Port inventory data shows a slight decline over the past two weeks. While Vietnam and Indonesia's polyester-cotton yarns have seen decent spot sales, arrivals from India, Pakistan, and Uzbekistan have decreased compared to April. However, total port stocks remain significantly higher than the same period in 2022/23 to 2024/25, indicating no fundamental supply shortage but rather a structural adjustment.

Downstream Caution Amid Cost and Order Uncertainty

The rapid price hikes have put immense pressure on coastal weaving mills and traders. Feedback from a major Zhejiang-based textile import/export company reveals that downstream acceptance and digestion capacity are being severely tested. On one hand, rising raw material costs are squeezing weaving margins; on the other hand, growth in export orders to Europe and the US is slowing. Notably, since mid-April, US Customs has adjusted its verification methods for the Uyghur Forced Labor Prevention Act, increasing the number of inspections, with textile and apparel products accounting for a larger share. This has further heightened uncertainty for foreign trade companies.

Consequently, buyers are adopting a wait-and-see approach for both port-stocked and shipment yarns, limiting purchases to essential needs. This mentality has created a clear standoff between upstream price increases and downstream buying.

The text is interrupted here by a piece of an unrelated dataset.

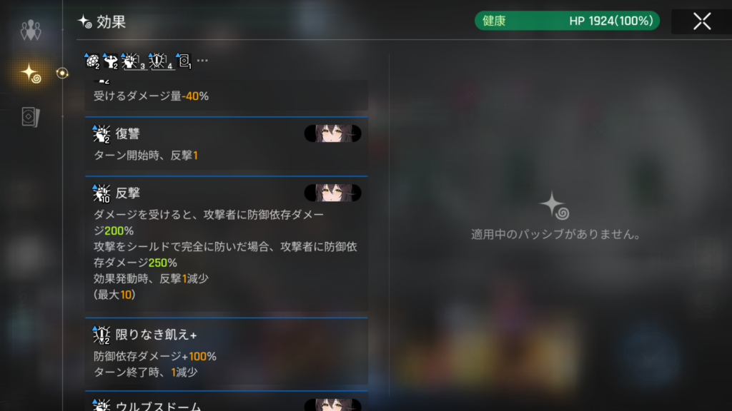 「シェルターディフェンス」を発動した後にバフの状況を確認しました。

Short-Term Price Standoff, Two Key Variables Ahead

In summary, the imported cotton yarn market is entering a phase of intensified price negotiation. Upstream mills, backed by cost support, are unwilling to cut prices, while downstream users are balancing cost pressures with order risks. The market's next direction hinges on two variables: the future trajectory of ICE cotton futures—a correction could weaken upward price momentum—and the recovery of demand in Europe and the US, particularly the actual impact of the UFLPA enforcement.

For traders, managing inventory risk is now more critical than chasing price gains. Blindly following the uptrend could lead to cost inversions, while excessive caution might miss opportunistic replenishment windows.

Practical Recommendations

For Buyers - Focus on just-in-time procurement to avoid inventory devaluation risks from potential price corrections. - Monitor ICE cotton and Indian domestic cotton price movements; if raw material costs ease, increase inquiry frequency. - Prioritize origins like Vietnam and Indonesia with lower traceability risks to meet export compliance requirements.

For Foreign Trade Companies - Closely track US Customs' UFLPA inspection dynamics and prepare complete supply chain documentation in advance. - Incorporate cotton yarn price volatility into quoting models, using short-term fixed prices or floating mechanisms. - Consider adjusting product mix by increasing the use of polyester-cotton blended yarns to hedge against high pure cotton yarn costs.